> **PROBLEM STATEMENT**
Reproduce the section of the listing that begins at the line containing "Obraz premium Futuristic" and finishes at the line containing "Das 2-Port-Low Profile-USB-Slotblech". Include both end lines and nothing beyond them.

==== INPUT DATA ====

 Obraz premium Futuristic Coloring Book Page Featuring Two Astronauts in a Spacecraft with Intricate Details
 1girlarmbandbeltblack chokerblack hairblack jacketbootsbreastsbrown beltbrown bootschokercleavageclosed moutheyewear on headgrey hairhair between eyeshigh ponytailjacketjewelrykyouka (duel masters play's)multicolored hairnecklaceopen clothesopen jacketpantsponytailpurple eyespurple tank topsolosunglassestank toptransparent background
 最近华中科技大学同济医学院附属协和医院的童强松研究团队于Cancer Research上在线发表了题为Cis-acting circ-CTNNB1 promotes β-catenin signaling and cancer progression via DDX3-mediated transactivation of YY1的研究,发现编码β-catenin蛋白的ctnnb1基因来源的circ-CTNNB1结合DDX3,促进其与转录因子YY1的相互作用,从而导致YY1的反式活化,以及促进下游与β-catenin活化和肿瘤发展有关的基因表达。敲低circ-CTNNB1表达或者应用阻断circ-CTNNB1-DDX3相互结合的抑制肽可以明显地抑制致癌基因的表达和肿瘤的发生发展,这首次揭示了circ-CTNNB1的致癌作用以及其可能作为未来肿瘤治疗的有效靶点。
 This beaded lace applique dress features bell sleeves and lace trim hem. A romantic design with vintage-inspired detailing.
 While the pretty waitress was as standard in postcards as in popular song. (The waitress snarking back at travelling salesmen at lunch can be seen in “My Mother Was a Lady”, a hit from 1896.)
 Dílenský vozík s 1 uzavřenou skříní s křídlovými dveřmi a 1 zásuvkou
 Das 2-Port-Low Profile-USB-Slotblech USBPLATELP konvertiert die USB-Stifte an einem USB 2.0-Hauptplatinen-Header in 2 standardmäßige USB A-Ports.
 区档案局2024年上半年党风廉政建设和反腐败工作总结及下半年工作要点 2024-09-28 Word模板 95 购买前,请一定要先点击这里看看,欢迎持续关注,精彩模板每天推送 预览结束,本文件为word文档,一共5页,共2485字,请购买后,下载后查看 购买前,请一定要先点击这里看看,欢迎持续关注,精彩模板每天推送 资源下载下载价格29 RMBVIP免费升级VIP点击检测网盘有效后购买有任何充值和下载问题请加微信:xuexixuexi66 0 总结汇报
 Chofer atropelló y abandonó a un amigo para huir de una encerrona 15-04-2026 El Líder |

====
==== INPUT DATA ====

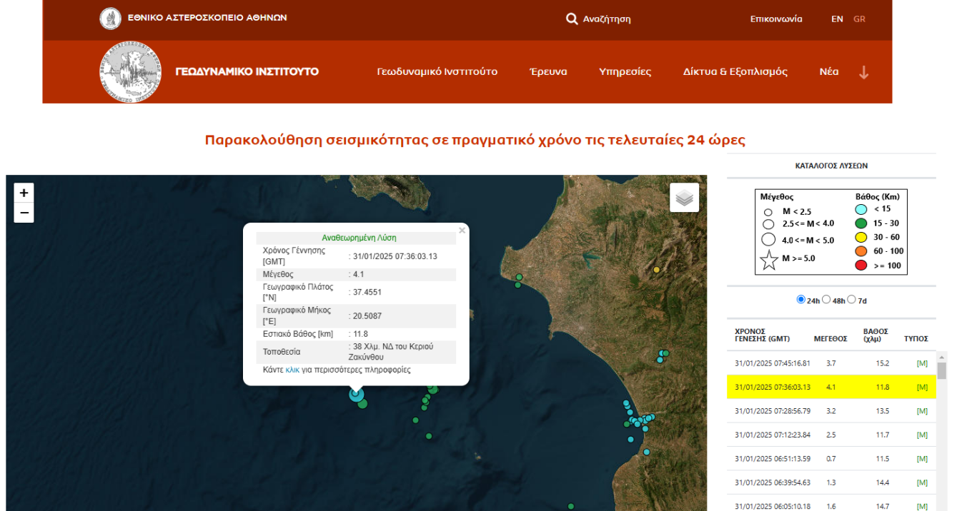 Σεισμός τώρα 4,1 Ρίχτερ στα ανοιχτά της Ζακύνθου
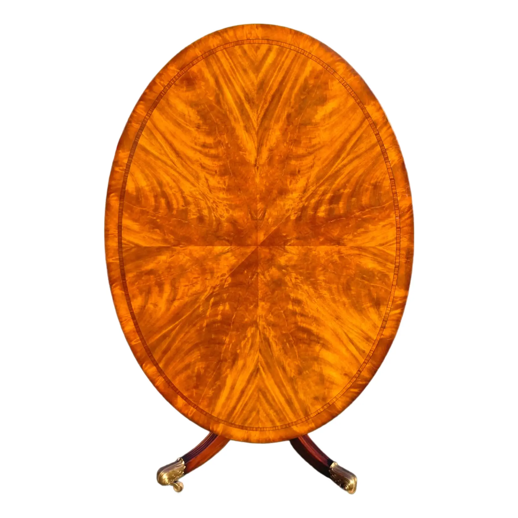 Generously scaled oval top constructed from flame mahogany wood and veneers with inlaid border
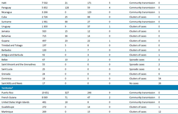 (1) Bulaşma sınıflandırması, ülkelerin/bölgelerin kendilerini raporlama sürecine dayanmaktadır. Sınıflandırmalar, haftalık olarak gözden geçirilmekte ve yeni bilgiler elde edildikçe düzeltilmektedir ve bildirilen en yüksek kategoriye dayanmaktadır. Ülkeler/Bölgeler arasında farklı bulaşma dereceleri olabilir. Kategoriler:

====
==== INPUT DATA ====

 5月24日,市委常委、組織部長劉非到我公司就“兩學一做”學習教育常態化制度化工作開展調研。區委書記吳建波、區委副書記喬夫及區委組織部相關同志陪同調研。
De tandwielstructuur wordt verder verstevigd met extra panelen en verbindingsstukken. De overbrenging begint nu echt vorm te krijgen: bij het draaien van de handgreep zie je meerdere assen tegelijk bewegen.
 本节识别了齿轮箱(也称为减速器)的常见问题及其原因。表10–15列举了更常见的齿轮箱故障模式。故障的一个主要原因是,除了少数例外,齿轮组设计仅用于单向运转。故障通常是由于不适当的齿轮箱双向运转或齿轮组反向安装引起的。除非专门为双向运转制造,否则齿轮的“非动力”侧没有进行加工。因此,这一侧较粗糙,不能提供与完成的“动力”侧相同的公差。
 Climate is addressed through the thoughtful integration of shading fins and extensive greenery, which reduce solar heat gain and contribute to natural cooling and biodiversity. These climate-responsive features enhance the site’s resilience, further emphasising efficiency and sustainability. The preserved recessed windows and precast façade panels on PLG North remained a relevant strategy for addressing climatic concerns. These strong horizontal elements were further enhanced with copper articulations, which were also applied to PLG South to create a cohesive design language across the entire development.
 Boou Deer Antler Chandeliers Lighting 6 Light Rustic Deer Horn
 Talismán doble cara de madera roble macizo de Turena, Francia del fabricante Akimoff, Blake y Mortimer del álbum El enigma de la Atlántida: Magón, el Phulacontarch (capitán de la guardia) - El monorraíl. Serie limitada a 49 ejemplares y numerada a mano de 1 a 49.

====

> **SOLUTION BELOW**
 Obraz premium Futuristic Coloring Book Page Featuring Two Astronauts in a Spacecraft with Intricate Details
 1girlarmbandbeltblack chokerblack hairblack jacketbootsbreastsbrown beltbrown bootschokercleavageclosed moutheyewear on headgrey hairhair between eyeshigh ponytailjacketjewelrykyouka (duel masters play's)multicolored hairnecklaceopen clothesopen jacketpantsponytailpurple eyespurple tank topsolosunglassestank toptransparent background
 最近华中科技大学同济医学院附属协和医院的童强松研究团队于Cancer Research上在线发表了题为Cis-acting circ-CTNNB1 promotes β-catenin signaling and cancer progression via DDX3-mediated transactivation of YY1的研究,发现编码β-catenin蛋白的ctnnb1基因来源的circ-CTNNB1结合DDX3,促进其与转录因子YY1的相互作用,从而导致YY1的反式活化,以及促进下游与β-catenin活化和肿瘤发展有关的基因表达。敲低circ-CTNNB1表达或者应用阻断circ-CTNNB1-DDX3相互结合的抑制肽可以明显地抑制致癌基因的表达和肿瘤的发生发展,这首次揭示了circ-CTNNB1的致癌作用以及其可能作为未来肿瘤治疗的有效靶点。
 This beaded lace applique dress features bell sleeves and lace trim hem. A romantic design with vintage-inspired detailing.
 While the pretty waitress was as standard in postcards as in popular song. (The waitress snarking back at travelling salesmen at lunch can be seen in “My Mother Was a Lady”, a hit from 1896.)
 Dílenský vozík s 1 uzavřenou skříní s křídlovými dveřmi a 1 zásuvkou
 Das 2-Port-Low Profile-USB-Slotblech USBPLATELP konvertiert die USB-Stifte an einem USB 2.0-Hauptplatinen-Header in 2 standardmäßige USB A-Ports.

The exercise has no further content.